By Mark Trevelyan
(Reuters) – Russia reported fierce fighting on Sunday on three sections of the front line in Ukraine, a day after hosting an African peace mission that failed to spark enthusiasm from either Moscow or Kyiv.
A Russian-installed official said Ukraine had recaptured Piatykhatky, a village in the southern Zaporizhzhia region, and were entrenching themselves there while coming under fire from Russian artillery.
“The enemy’s ‘wave-like’ offensives yielded results, despite enormous losses,” the official, Vladimir Rogov, said on the Telegram messaging app.
Russia’s defence ministry made no mention of Piatykhatky in its daily update, in which it said its forces had repelled Ukrainian attacks in three sections of the 1,000 km (600 mile) front line. A separate statement from Russia’s Vostok group of forces said Ukraine had failed to take the settlement.
Reuters could not independently verify the battlefield reports.
There was no comment from Ukraine, which last week said it had recaptured another nearby settlement, Lobkove, and a string of villages further east, in Donetsk region, at the start of its long-awaited counteroffensive.
Ukrainian officials have imposed an information blackout to help operational security, but say that Russia has suffered much greater losses than Ukraine has during its new assault.

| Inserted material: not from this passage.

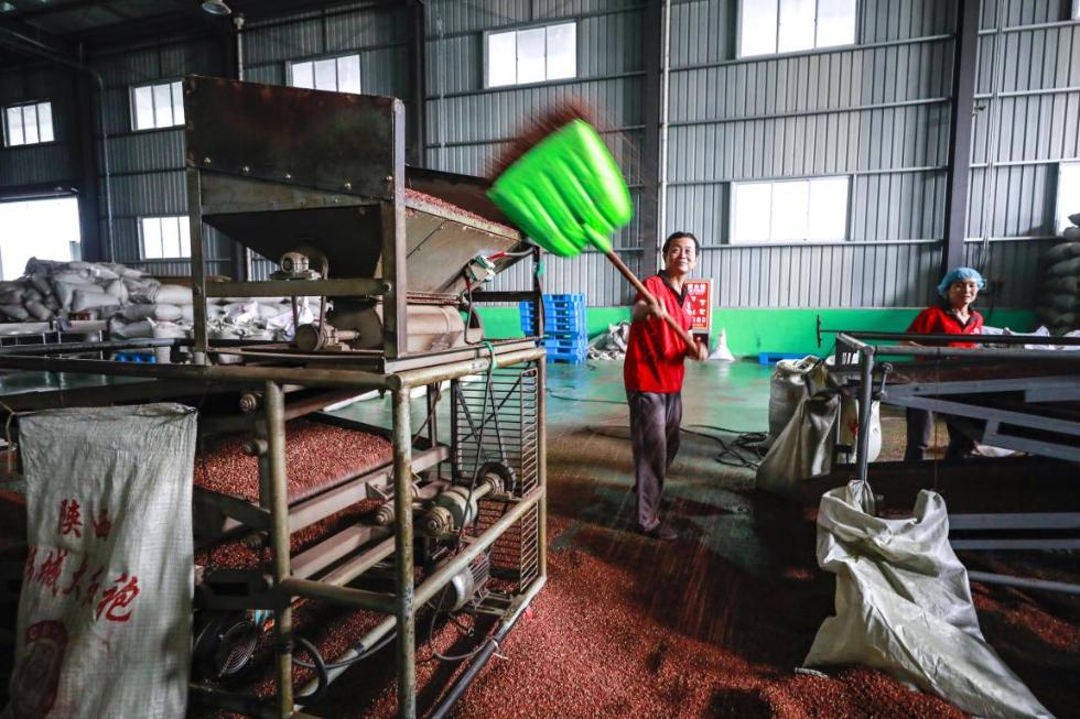 未来网韩城9月23日电(记者 谢青)在黄河岸边的陕西韩城,一种大红袍花椒以色艳、肉厚、味浓的特点备受调味品商的青睐。“我当年就是一个小椒农,靠着政府的政策一步一步走到现在,走上了致富之路。”四海花椒香料有限公司董事长张云海从事花椒种植已经超过30年,在种植、加工技术上逐渐精益求精。同时他也切身地感受到小小花椒树,正在成为致富大产业。
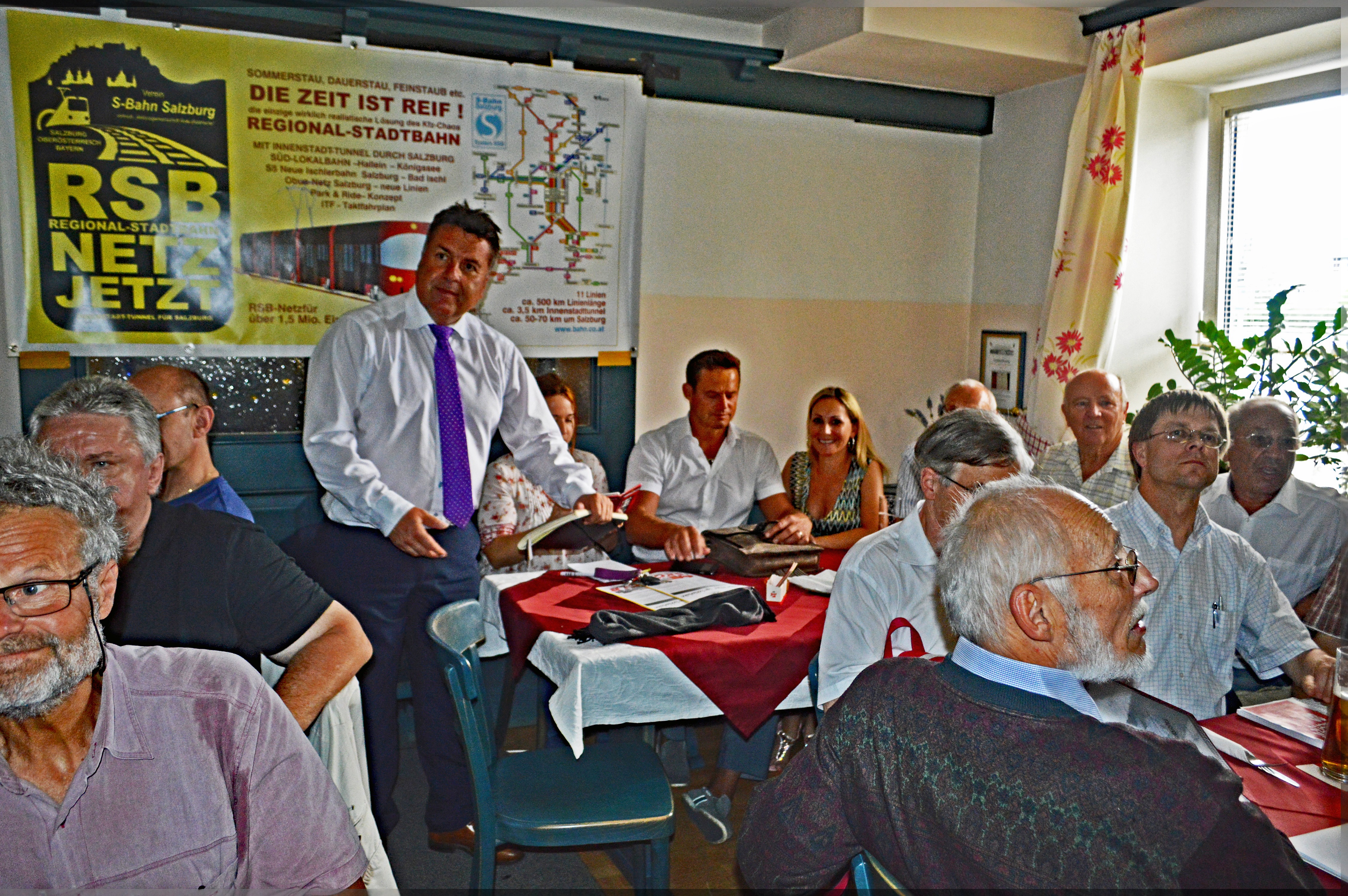 der damals noch „Verein S-Bahn Salzburg“ hieß, in einem Vereinsabend, zusammen mit LAbg. Otto Konrad und seiner Frau Silke. Ihm folgte der Landesrat Stefan Schnöll, der von der ersten Minute an klarmachte, wohin seine Verkehrspolitik geht. Er setzt klar auf das Projekt „Regionalstadtbahntunnel“ durch die Stadt Salzburg. Er ist der erste Politiker, der eindeutig den Eindruck vermittelt, dieses Projekt Regionalstadtbahn wirklich, mit innerer Überzeugung, zu wollen!

A regional official said Ukrainian forces had destroyed a major Russian ammunition dump in occupied Kherson region, part of a weeks-long effort by Kyiv to wreak havoc with Russian supply lines.
British defence intelligence said heavy fighting in recent days had been focused on Zaporizhzhia, western Donetsk and around Bakhmut, which Russian mercenaries captured last month after the longest battle of the war.
“In all these areas, Ukraine continues to pursue offensive operations and has made small advances,” it said on Twitter.
Russian defence operations had been “relatively effective in the south”, with both sides suffering heavy casualties, the assessment said.
Russian President Vladimir Putin, who rarely comments on the course of the war, made two unusually detailed interventions last week in which he derided the Ukrainian push and said Kyiv’s forces had “no chance” despite being newly equipped with Western tanks.
His comments appeared intended to reassure Russians at a crucial juncture, nearly 16 months into the conflict, as Ukraine seeks to break months of virtual stalemate and take back the 18% of its territory that remains under Russian control.
PEACE MISSION
At talks in St Petersburg on Saturday, South African President Cyril Ramaphosa presented Putin with a 10-point peace initiative from seven African countries and told him the time had come for Russia and Ukraine to start negotiations to end the war.
Putin responded by rattling off a string of familiar accusations denied by Ukraine and the West and saying it was Kyiv, not Moscow, that was refusing to talk. He thanked Ramaphosa for his “noble mission”.
Russian news agencies quoted Kremlin spokesman Dmitry Peskov as saying Putin had shown interest in the plan but it would be “difficult to realise”.
In Kyiv the previous day, Ukrainian President Volodymyr Zelenskiy had told the African delegation – the first since the start of the war to hold separate face-to-face talks with both leaders on their peace initiative – that allowing negotiations now would just “freeze the war” and the suffering of the Ukrainian people.
The vast gulf between the two sides was further underlined when Putin used a flagship economic forum on Friday to slur Zelenskiy personally and to restate the objectives of “demilitarising” and “denazifying” Ukraine that he set out on day one of the war, and which Kyiv and the West reject as a false pretext for invasion.
However, Ramaphosa sought to cast the trip to Ukraine and Russia in a positive light, tweeting on Sunday that the “Africa Peace Initiative has been impactful and its ultimate success will be measured on the objective, which is stopping the war”.
He said the Africans would keep talking to both Putin and Zelenskiy and would brief U.N. Secretary-General Antonio Guterres on their efforts so far.
MONTHS OF DESTRUCTION
The war has destroyed Ukrainian towns and cities, forced millions of people to flee their homes and taken heavy but undisclosed casualties among both armies, as well as killing thousands of Ukrainian civilians.
Each side accused the other of blowing up a huge Ukrainian dam on June 6 and flooding large tracts of the war zone.
In the Russian-controlled town of Hola Prystan, Reuters filmed volunteers pumping out water from flooded homes on Saturday and distributing bread and drinking water.
“Not one person in the world will be punished for this torture we’re going through, for this terrible catastrophe,” said Tamara, a 78-year-old retired nurse.
“That’s what frustrates me. That no one will be punished for that. And I’d like it if at least one person was put (on trial) and punished for everything. So the whole world could see.”